Figure 9. Simulations of PS effects

A, kinetic scheme. PS was allowed to bind singly and doubly liganded open and closed states. Following PS binding, entry into the D2 desensitized state (D2P) was speeded by 6-fold (*). The PS association rate constant was 1 μm⁻¹ s⁻¹, and the PS dissociation rate was 5 s⁻¹. Faster rate constants produced fast kinetics and current relaxations that were not experimentally observed. The PS association rate constant is much slower than diffusion-limited rates, but is similar to the rate constant predicted from single-channel measurements (Akk et al. 2001). Other kinetic parameters were the same as previously reported (Mozrzymas et al. 1999; Shen et al. 2000). B, simulation of response to pulse application of 20 μm GABA in the absence and presence of PS for 10 s, beginning 6 s following the onset of the simulation. The thick line is the response to GABA alone. The thin line is the response to GABA plus 5 μm PS. C, magnified view of the deactivation phase of the responses shown in B. The PS deactivation trace has been scaled to the amplitude of the control deactivation trace. Note the slower deactivation of the current in the presence of PS. D, response to increasing PS concentrations applied during the steady-state phase of the response to 20 μm GABA. Responses to 5, 10, and 1000 μm PS (bottom, middle and top traces, respectively) are shown.
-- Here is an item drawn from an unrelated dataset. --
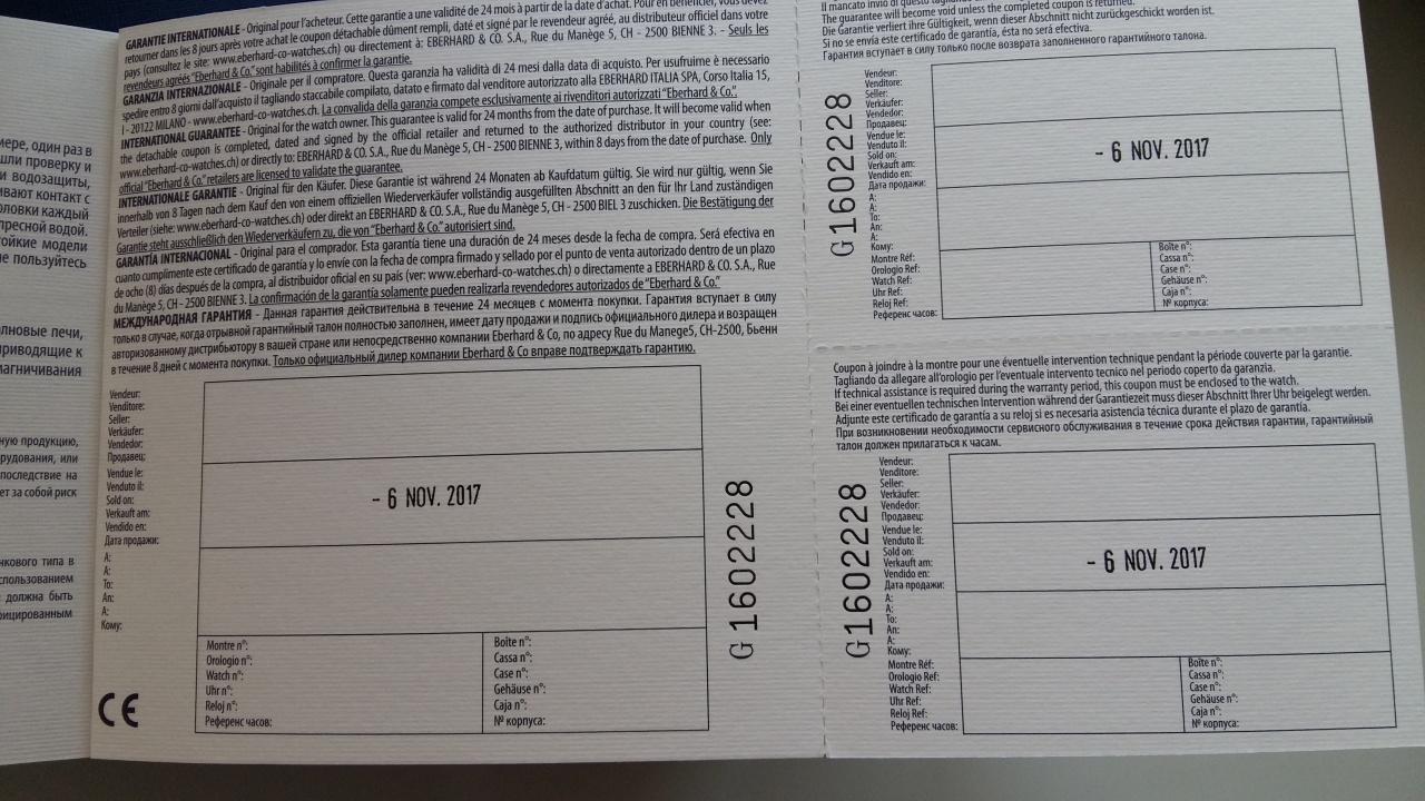 Комплектация: новые часы в пленках, коробки Eberhard внутренняя из итальянской телячье кожи и внешняя, гарантийный талон.

The period of PS application is denoted by the horizontal bar. Note that the inhibition saturates at less than 100 % block. Peak GABA responses have been truncated to highlight effects on steady-state responses. E, degree of inhibition by 5 μm PS in response to 1 mm full agonist application (GABA) or 1 mm partial agonist (P4S). Partial agonist currents were simulated by slowing channel opening rates by 5—fold. Resulting simulated steady-state currents were approximately 3-fold smaller in response to the partial agonist. Note the simulations predict more inhibition of P4S-gated current than GABA-gated current, contrary to experimental observations. F–J, PS inhibition simulated by PS binding and inhibition of the doubly liganded open state of the receptor. Rate constants of PS binding and dissociation were 1 μm⁻¹ s⁻¹ and 0.5 s⁻¹.